According to Andrew Stephen Damick:

> > Subject: Re: Today is a good day...?
> 
> Sorry much. I did not know this.
> Please send me whatever is quickest and shortest and answers my question.
> 
> Really, though, is this not the place to ask such a question?

You are right. This is the right place to ask it. The problem
is that this, of all threads, is the one most worn thin. The
history is this:

The line IN ENGLISH was actually ripped off from the movie
LITTLE BIG MAN. It had nothing to do with Klingons, but one of
the random ST:TNG writers thought it was a cool thing to say
and wrote it into the script. Several times. Meanwhile, there
is not easy, non-controversial way to say it IN KLINGON. Why?

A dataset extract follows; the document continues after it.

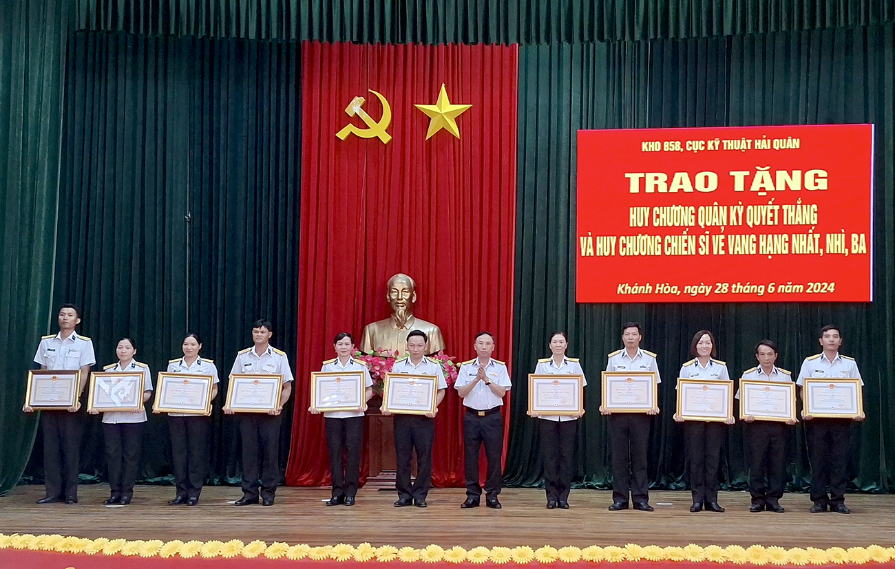 Dịp này, Kho 858 đã tổ chức trao tặng Huy chương Quân kỳ Quyết thắng và Huy chương Chiến sĩ Vẻ vang hạng Nhất, Nhì, Ba cho 20 đồng chí cán bộ, QNCN trong đơn vị.

First of all, Klingon does not tend to detach its verbs from
those who are to experience the action. "Today is a good day to
die." Okay, so who is dying? The English statement doesn't tell
us.

Secondly, the {-meH} suffix doesn't do what a lot of beginning
Klingonists THINK it does. It really only means, "In order
that-" with a rather specific sense that the subject is doing
the main verb toward the end of accomplishing the goal of the
verb with {-meH}. A good example would be {jISopmeH jIjaH.} "I
go in order that I eat."

Are we trying to say that in today is being a good day
specifically in order to accomplish the goal that some
unidentified scientient being dies? Not really.

Instead, when I see something like this, I tend to seek the
overall sense of what the speaker is saying AT THE HEART
instead of at the MOUTH. Sit and meditate on "Today is a good
day to die" for a while and think about what it MEANS, not what
it SAYS. While you have that THOUGHT and FEELING in you mind
and heart, IGNORE THE ENGLISH WORDS and say in Klingon what
your mind and heart tell you to say.

Mine says something like:

DaHjaj batlh jIHeghqang.

"Today, I am willing to die with honor."

I honestly think this is MUCH closer to the MEANING of the
sentence as a Klingon would say it than the plug 'n' play
English word replacement that yields:

HeghmeH jaj QaQ 'oH DaHjaj'e'.

Meanwhile, at this point, I feel quite certain that you can use
whatever you like. I doubt anybody who usually cares about this
sort of thing has any endurance left to give a damn HOW you say
it. Most of us simply never say it. It died as a cliche before
anybody reached a standard way to say it.